─── Dataset extract ───

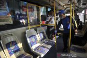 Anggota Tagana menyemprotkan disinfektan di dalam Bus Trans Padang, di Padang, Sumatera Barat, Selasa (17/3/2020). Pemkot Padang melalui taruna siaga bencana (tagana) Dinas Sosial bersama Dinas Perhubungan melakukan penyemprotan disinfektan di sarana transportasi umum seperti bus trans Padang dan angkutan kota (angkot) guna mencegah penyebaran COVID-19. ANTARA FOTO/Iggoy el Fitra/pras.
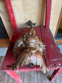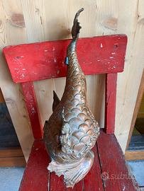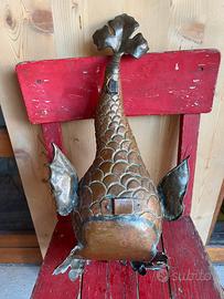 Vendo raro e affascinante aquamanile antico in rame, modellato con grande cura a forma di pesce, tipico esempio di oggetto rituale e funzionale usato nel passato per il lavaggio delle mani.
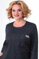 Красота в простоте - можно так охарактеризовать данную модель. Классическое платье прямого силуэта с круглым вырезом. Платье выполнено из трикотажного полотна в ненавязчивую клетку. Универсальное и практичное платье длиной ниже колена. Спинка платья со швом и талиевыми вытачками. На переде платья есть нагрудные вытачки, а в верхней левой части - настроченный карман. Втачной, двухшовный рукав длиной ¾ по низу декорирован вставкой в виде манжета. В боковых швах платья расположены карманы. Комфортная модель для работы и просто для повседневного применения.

───
─── Dataset extract ───

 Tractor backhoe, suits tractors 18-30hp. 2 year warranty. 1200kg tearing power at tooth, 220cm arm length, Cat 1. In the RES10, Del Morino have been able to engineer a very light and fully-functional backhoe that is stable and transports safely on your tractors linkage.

───
─── Dataset extract ───

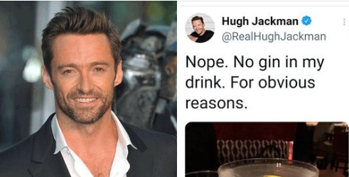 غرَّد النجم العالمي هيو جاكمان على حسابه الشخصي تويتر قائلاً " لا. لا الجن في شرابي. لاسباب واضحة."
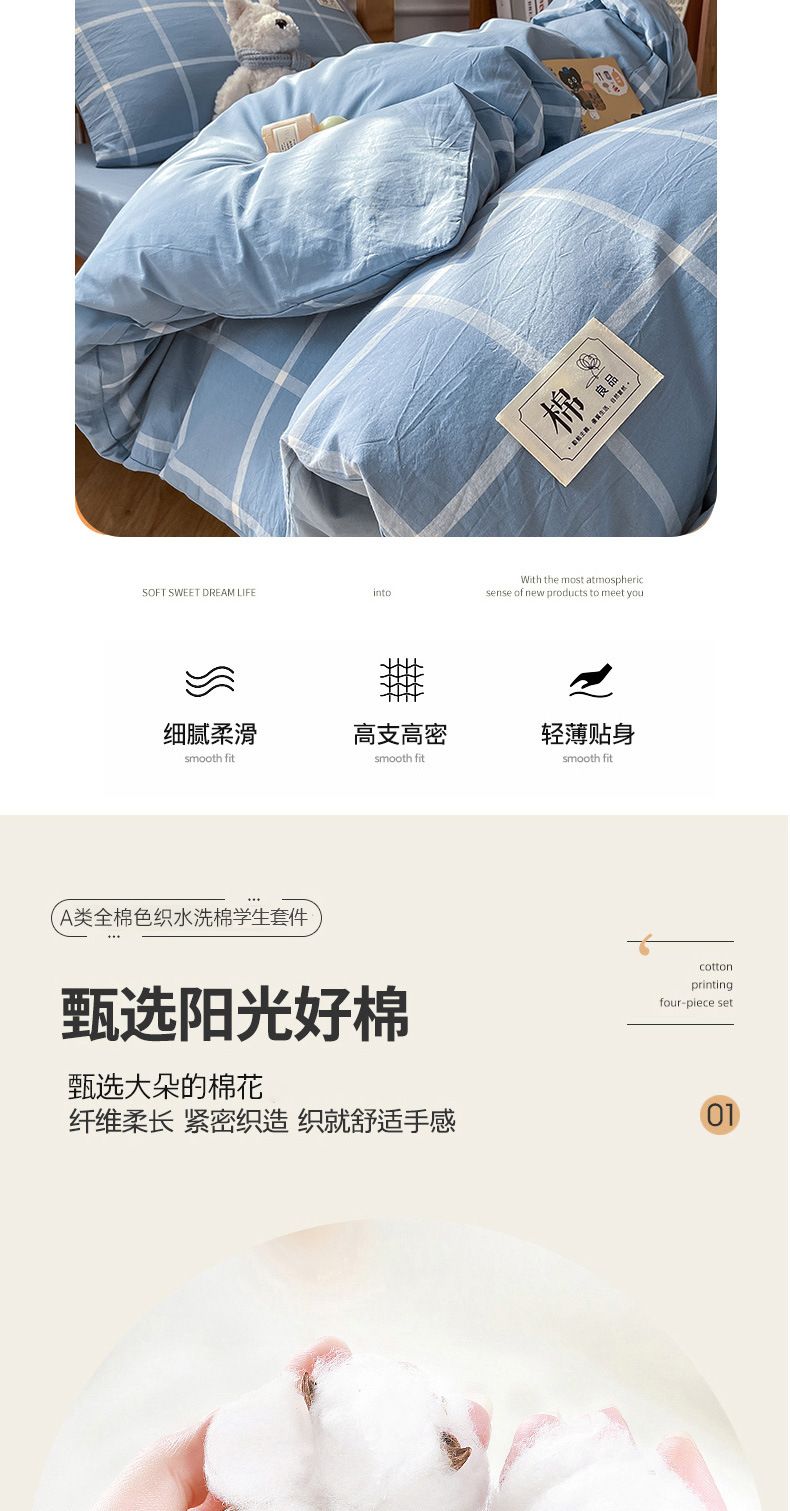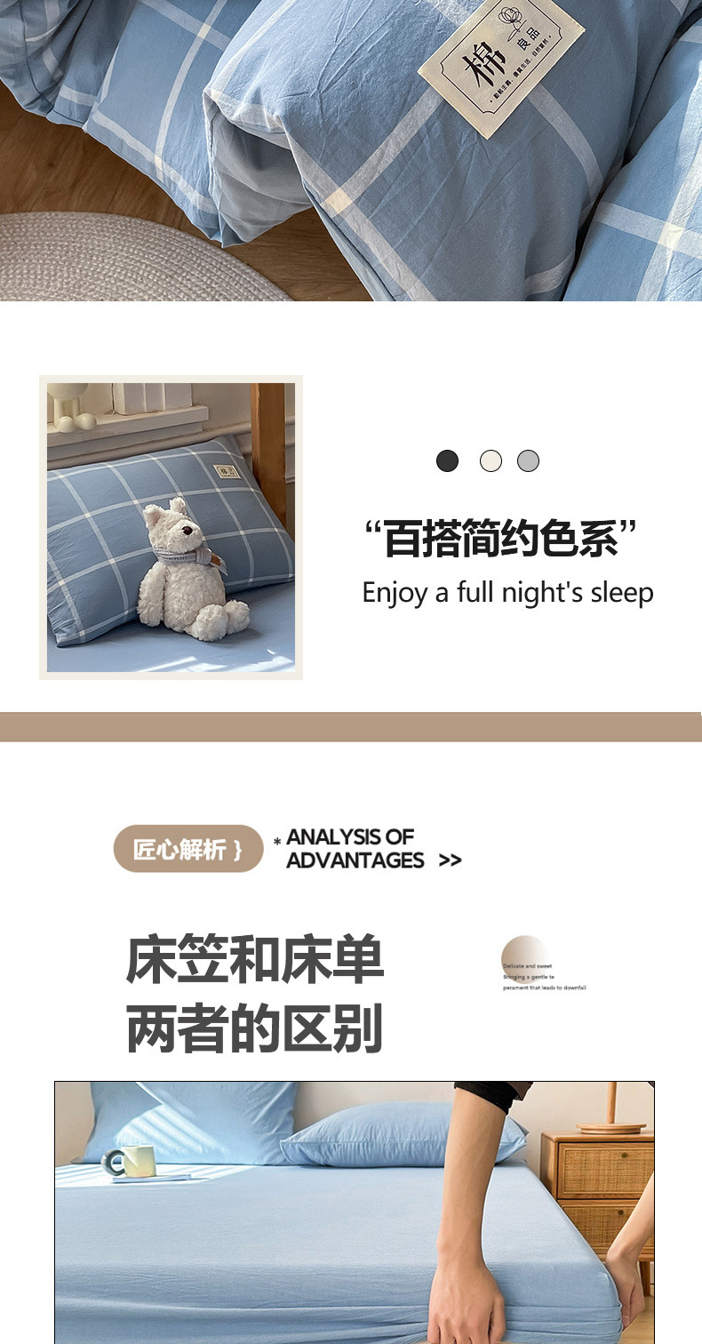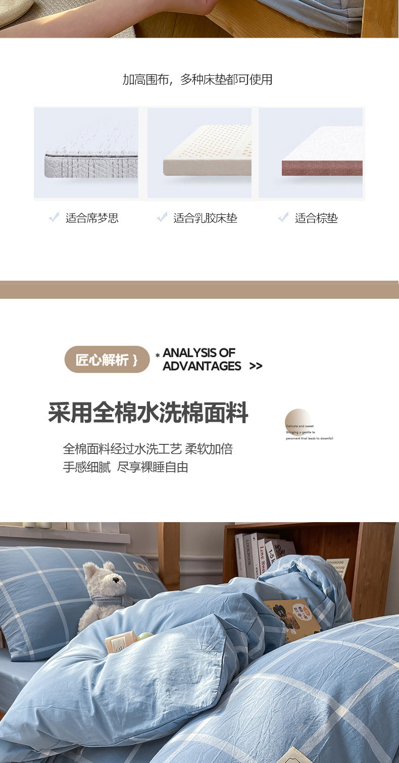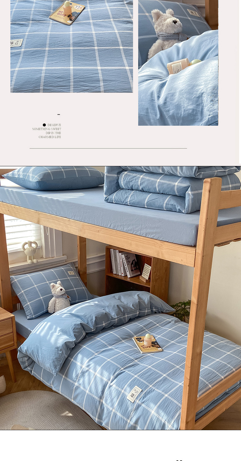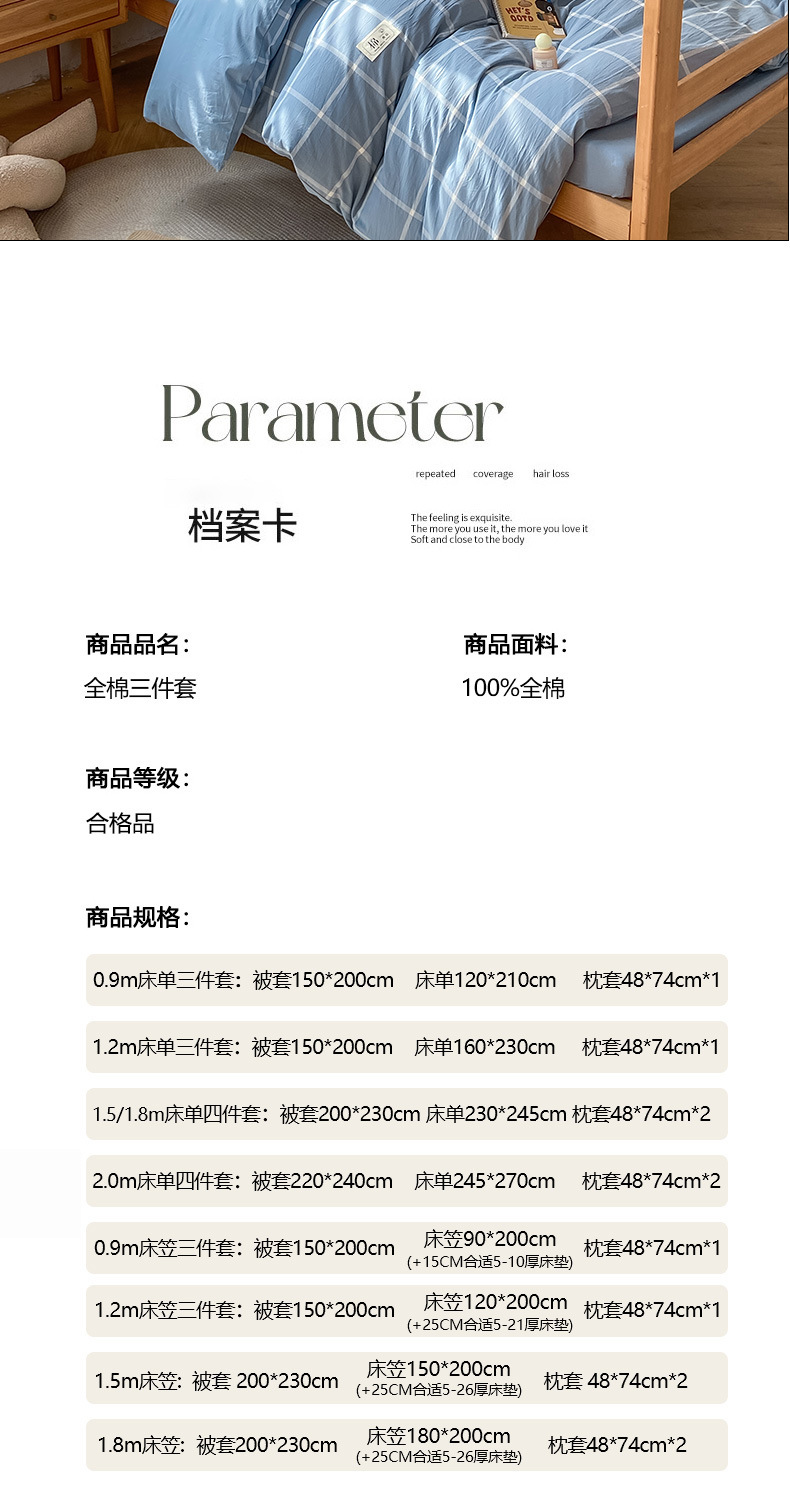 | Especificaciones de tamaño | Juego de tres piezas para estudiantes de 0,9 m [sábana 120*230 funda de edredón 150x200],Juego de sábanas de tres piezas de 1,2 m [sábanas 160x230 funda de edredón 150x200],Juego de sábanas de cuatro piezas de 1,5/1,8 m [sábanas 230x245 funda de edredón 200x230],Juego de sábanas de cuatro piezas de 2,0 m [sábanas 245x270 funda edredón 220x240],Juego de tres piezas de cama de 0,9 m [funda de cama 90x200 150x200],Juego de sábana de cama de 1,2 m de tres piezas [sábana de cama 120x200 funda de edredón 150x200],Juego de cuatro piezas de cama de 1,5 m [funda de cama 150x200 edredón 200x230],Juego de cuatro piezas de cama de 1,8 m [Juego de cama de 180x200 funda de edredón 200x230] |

───

Task
Although the records hold pictures, the copy must not; give again exactly the lines from the one with "Anggota Tagana menyemprotkan" through the one with "Vendo raro e".

Response area
 Anggota Tagana menyemprotkan disinfektan di dalam Bus Trans Padang, di Padang, Sumatera Barat, Selasa (17/3/2020). Pemkot Padang melalui taruna siaga bencana (tagana) Dinas Sosial bersama Dinas Perhubungan melakukan penyemprotan disinfektan di sarana transportasi umum seperti bus trans Padang dan angkutan kota (angkot) guna mencegah penyebaran COVID-19. ANTARA FOTO/Iggoy el Fitra/pras.
 Vendo raro e affascinante aquamanile antico in rame, modellato con grande cura a forma di pesce, tipico esempio di oggetto rituale e funzionale usato nel passato per il lavaggio delle mani.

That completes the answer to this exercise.